Exercise: Beginning with the line that holds "требуется интернет-соединение. |", copy each line through the end of the material below, exactly and with no pictures.

[[ Data provided open ]]

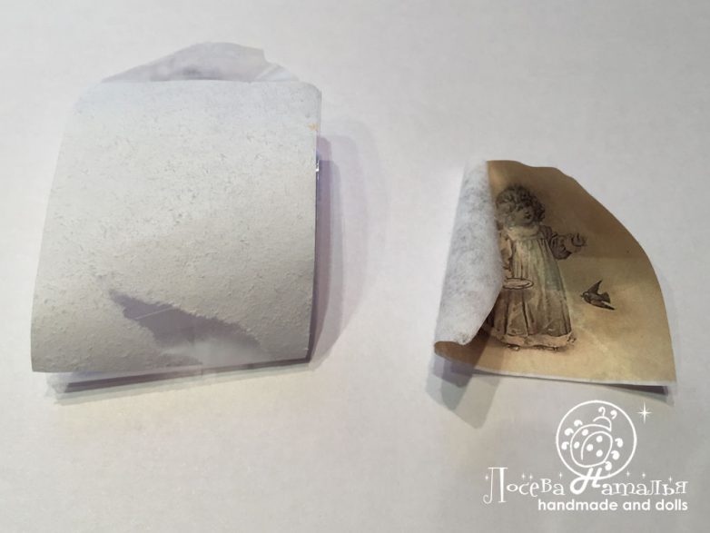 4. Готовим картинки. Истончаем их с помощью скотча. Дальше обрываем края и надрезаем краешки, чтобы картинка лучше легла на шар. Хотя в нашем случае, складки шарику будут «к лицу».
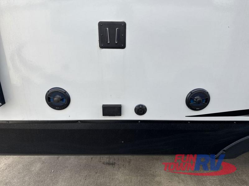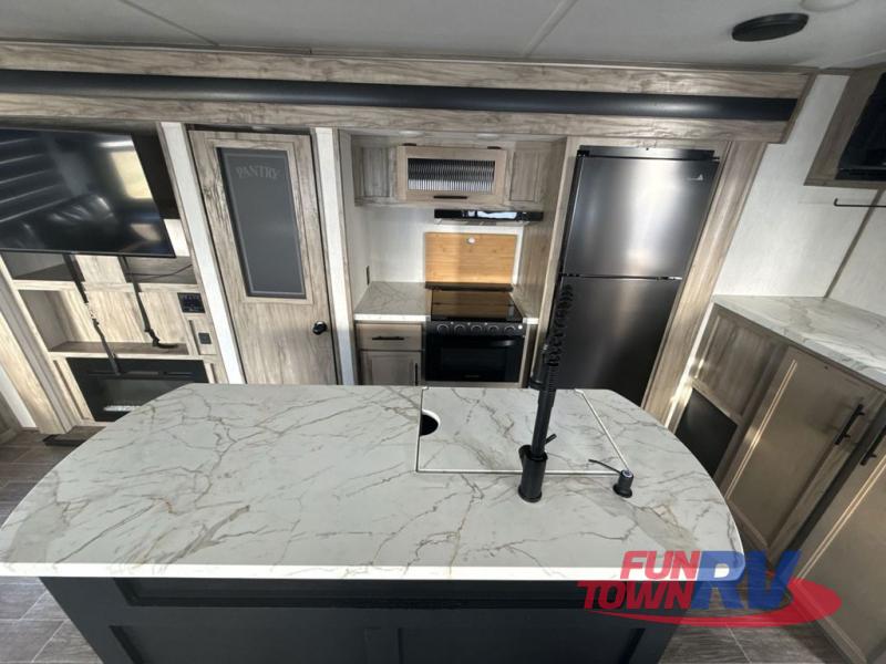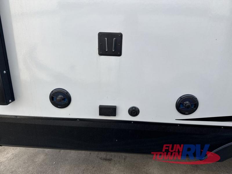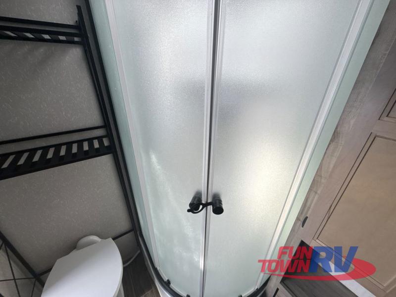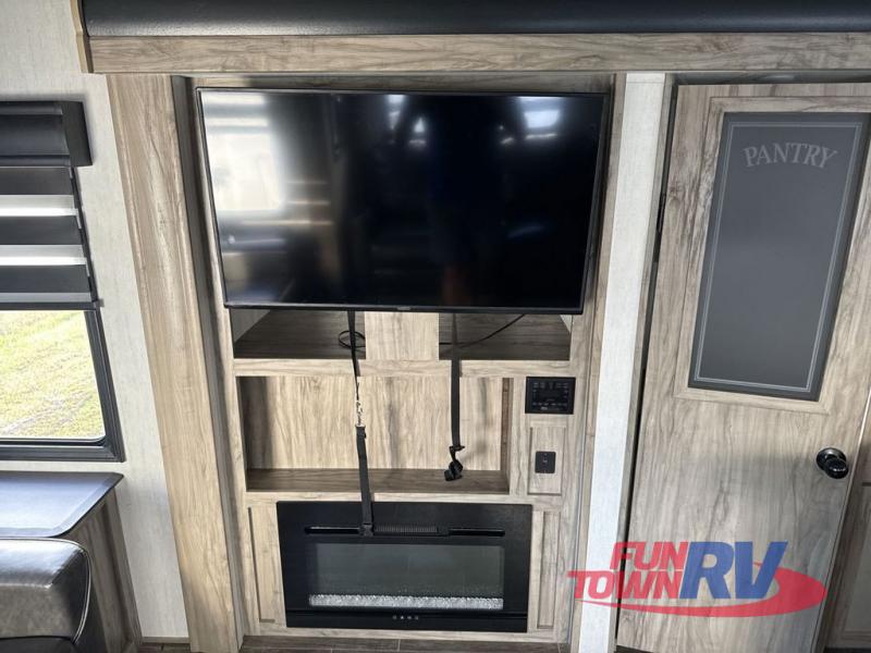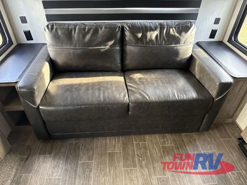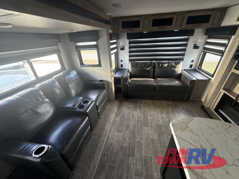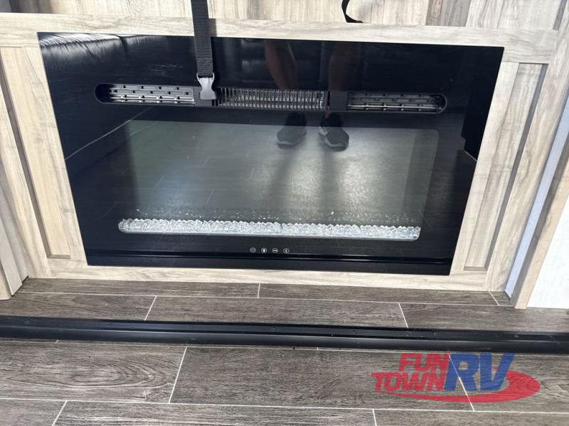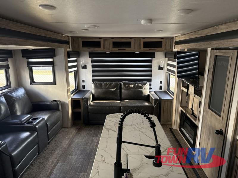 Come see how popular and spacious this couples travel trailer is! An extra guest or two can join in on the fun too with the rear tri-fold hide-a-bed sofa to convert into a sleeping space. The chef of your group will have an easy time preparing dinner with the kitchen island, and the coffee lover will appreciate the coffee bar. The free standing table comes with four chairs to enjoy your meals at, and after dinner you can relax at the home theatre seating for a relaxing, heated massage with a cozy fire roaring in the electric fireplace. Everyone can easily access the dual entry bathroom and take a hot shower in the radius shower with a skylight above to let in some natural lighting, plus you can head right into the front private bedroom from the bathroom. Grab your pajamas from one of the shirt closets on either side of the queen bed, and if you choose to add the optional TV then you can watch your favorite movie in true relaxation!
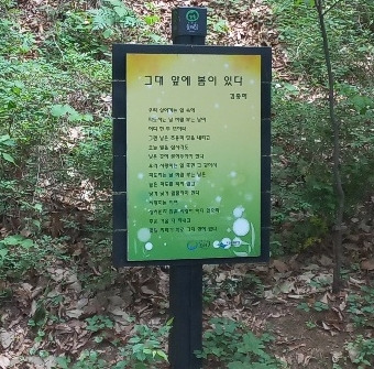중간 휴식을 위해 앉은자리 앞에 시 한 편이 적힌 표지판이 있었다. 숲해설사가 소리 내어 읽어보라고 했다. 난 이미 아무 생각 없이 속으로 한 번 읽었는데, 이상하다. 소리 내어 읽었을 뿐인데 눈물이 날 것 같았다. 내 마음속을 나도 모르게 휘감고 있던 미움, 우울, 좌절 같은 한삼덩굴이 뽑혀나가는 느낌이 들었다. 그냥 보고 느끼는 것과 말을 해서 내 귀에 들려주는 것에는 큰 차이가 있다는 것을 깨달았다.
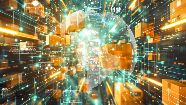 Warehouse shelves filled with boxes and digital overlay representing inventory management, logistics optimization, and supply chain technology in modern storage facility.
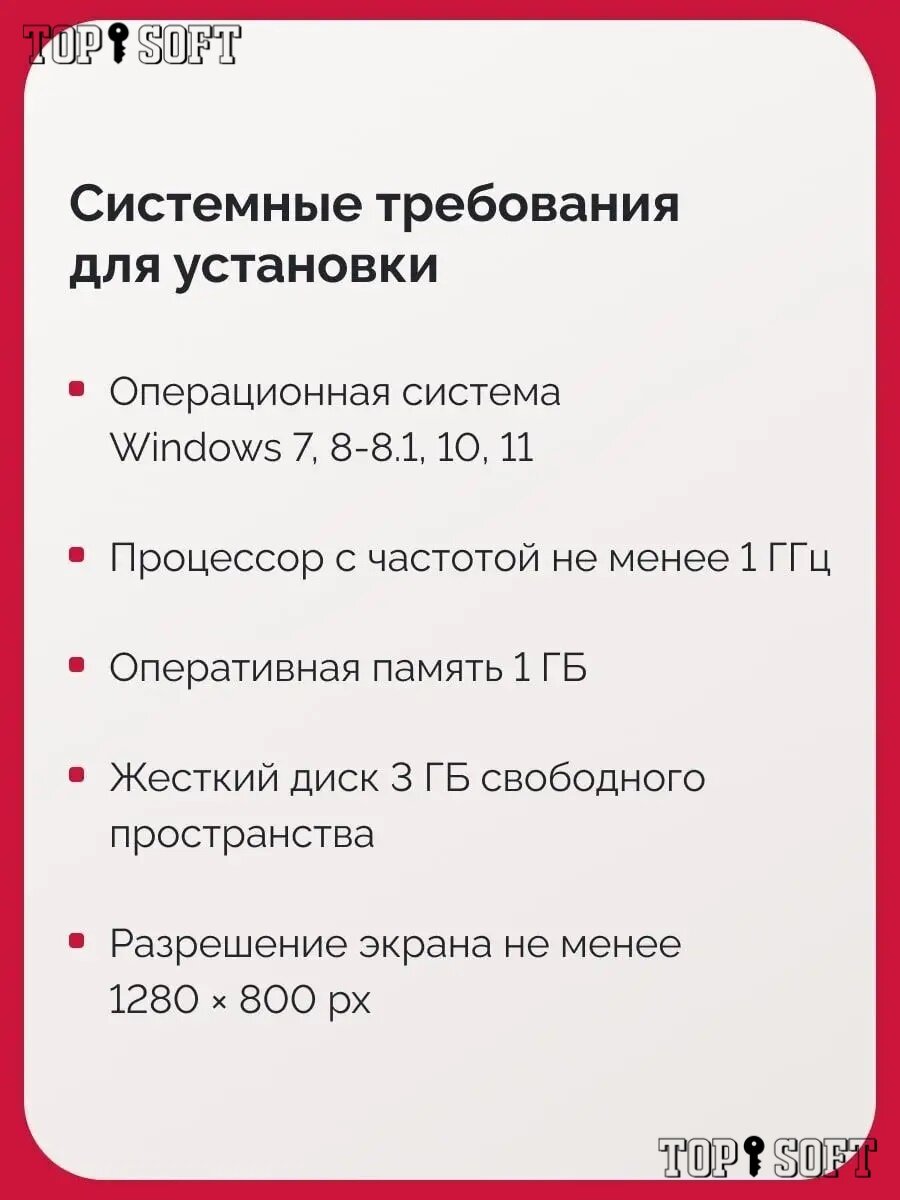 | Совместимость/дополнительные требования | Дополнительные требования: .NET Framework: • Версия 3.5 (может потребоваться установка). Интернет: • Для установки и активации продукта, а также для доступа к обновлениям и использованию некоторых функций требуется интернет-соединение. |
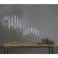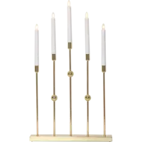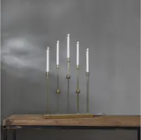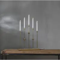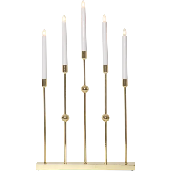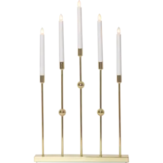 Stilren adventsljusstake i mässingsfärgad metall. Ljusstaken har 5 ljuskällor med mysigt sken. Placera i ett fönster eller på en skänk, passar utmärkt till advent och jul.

[[ Data provided closed ]]

Result below:
 | Совместимость/дополнительные требования | Дополнительные требования: .NET Framework: • Версия 3.5 (может потребоваться установка). Интернет: • Для установки и активации продукта, а также для доступа к обновлениям и использованию некоторых функций требуется интернет-соединение. |
 Stilren adventsljusstake i mässingsfärgad metall. Ljusstaken har 5 ljuskällor med mysigt sken. Placera i ett fönster eller på en skänk, passar utmärkt till advent och jul.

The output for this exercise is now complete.